Мы говорим ‘могли бы’ и ‘должны были бы’ потому, что в действительности наш разночинец никогда не в состоянии будет заслужить одобрение последователя ‘Руси’. Он слишком образован для того, чтобы верить в Бога, и в то же время слишком искренен для того, чтобы лицемерно преклоняться перед ним, считал религию уздою для черни. Наш разночинец, придя в сердечное умиление, может воскликнуть: ‘Народ — это тот человек, который по изгнании из рая (?!) непокорного собрата предпочел остаться там, сказав себе: ладно и так’, — как восклицает Пигасов у Гл. Успенского, но тем не менее он прекрасно понимает, что на самом деле народную жизнь скорее можно сравнить с адом. Чувствует он, что и его собственное положение также совершенно невыносимо, а потому у него и не может быть мира с абсолютизмом. Ему нельзя миновать борьбы или, по крайней мере, мирной оппозиции. Он может в изнеможении опустить руки, как опускают их легальные народники, может подчиниться силе, но никогда искренно не примирится да с существующим порядком. Он всегда будет стремиться к мирному или революционному переустройству наших общественных отношений. Но пока он будет искать себе поддержки только между Иванами Ермолаевичами, до тех пор у него не будет никакой поддержки.
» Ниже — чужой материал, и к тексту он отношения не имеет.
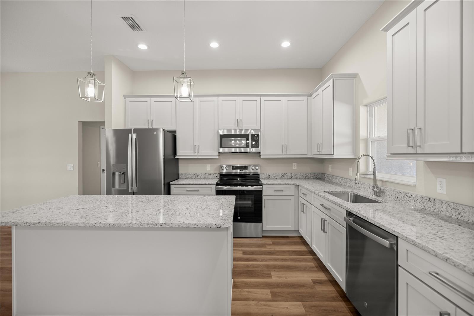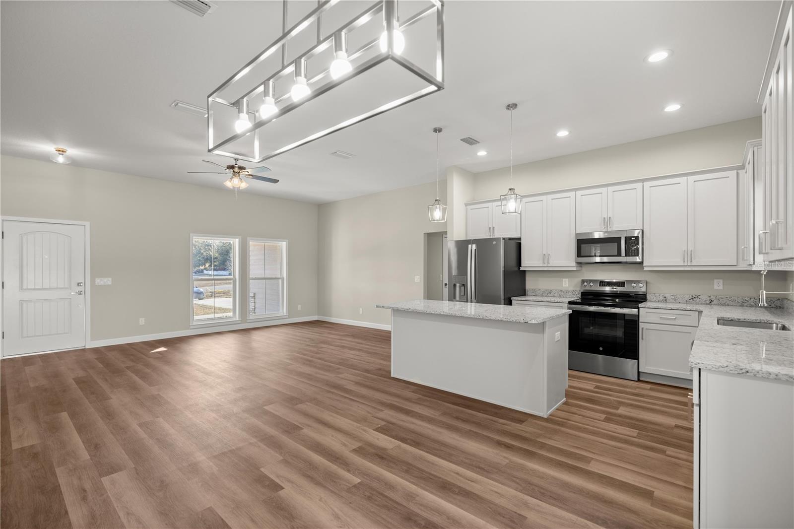 Esta nova casa de construção impressionante, acionada por um hectare de terra, oferece uma mistura perfeita de luxo e funcionalidade. A planta aberta convida a luz natural, com uma espaçosa cozinha e uma barra de café da manhã que é ideal para refeições ou divertidos casuais. A cozinha é o sonho de um chef, com bancadas de granito elegante, armários de madeira maciça com portas e gavetas de perto, uma grande despensa e utensílios de aço inoxidável modernos, todos complementados por acabamentos pretos foscos elegantes. O piso de tábua de vinil de luxo flui perfeitamente por toda a casa, combinando durabilidade com estilo. Cada quarto oferece armários generosos, proporcionando amplo armazenamento. A suíte master possui um banheiro parecido com um spa com um chuveiro, completo com vidro sem moldura para um toque moderno. A eficiência energética é o topo de espírito, com isolamento de espuma com spray, garantindo conforto ideal o ano todo. Esta casa é o epítome da vida moderna, misturando recursos sofisticados com um cenário sereno e espaçoso. Esta casa está localizada centralmente no Condado de Citrus, mantendo você perto de tudo, incluindo o Golfo do México e o Crystal River e todas as compras que você deseja nos novos compras no Black Diamond Shopping Center, que apresenta um lobby e alvo de hobby! Ligue -me hoje para vir ver esta casa elegante pessoalmente!

Идеализированный им ‘народ’ (т. е. ‘хозяйственный’ крестьянин) останется глух к его призывам. Вот почему, продолжая держаться народнической точки зрения, он всегда будет находиться в самом ложном и противоречивом положении. Он будет сочинять неокладные общественные теории, открывать давно уже открытые Америки, не имея действительной связи с жизнью, не чувствуя никакой прочной почвы поя ногами. Задача плодотворной общественной деятельности останется для него неразрешимой задачей.
Унылое настроение, давно уже заметное в среде наших народников из нашей легальной народнической литературе, как нельзя лучше подтверждает сказанное. У наших легальных ‘новых людей’ выработался даже особый язык, прекрасно характеризующий всю безнадежность их положения. Несколько лет тому назад они вели со славянофилами ожесточенные споры о том, как следует плакать, ‘с народом’, или ‘о народе’. И действительно, им не остается ничего более, как плакать, — плакать о том, что правительство угнетает и разоряет народ, плакать о нашествии на нас ‘цивилизации’ и о том, что Ивану Ермолаевичу остается ‘много-много десять лет’ жизни, наконец, горше и больше всего им приходится оплакивать свое собственное безнадежное положение.
Мы уже видели: крестьянская Азия упорно, с энергией, со страстью, ‘сверкая глазами’, отрицает ‘интеллигентную’ Европу.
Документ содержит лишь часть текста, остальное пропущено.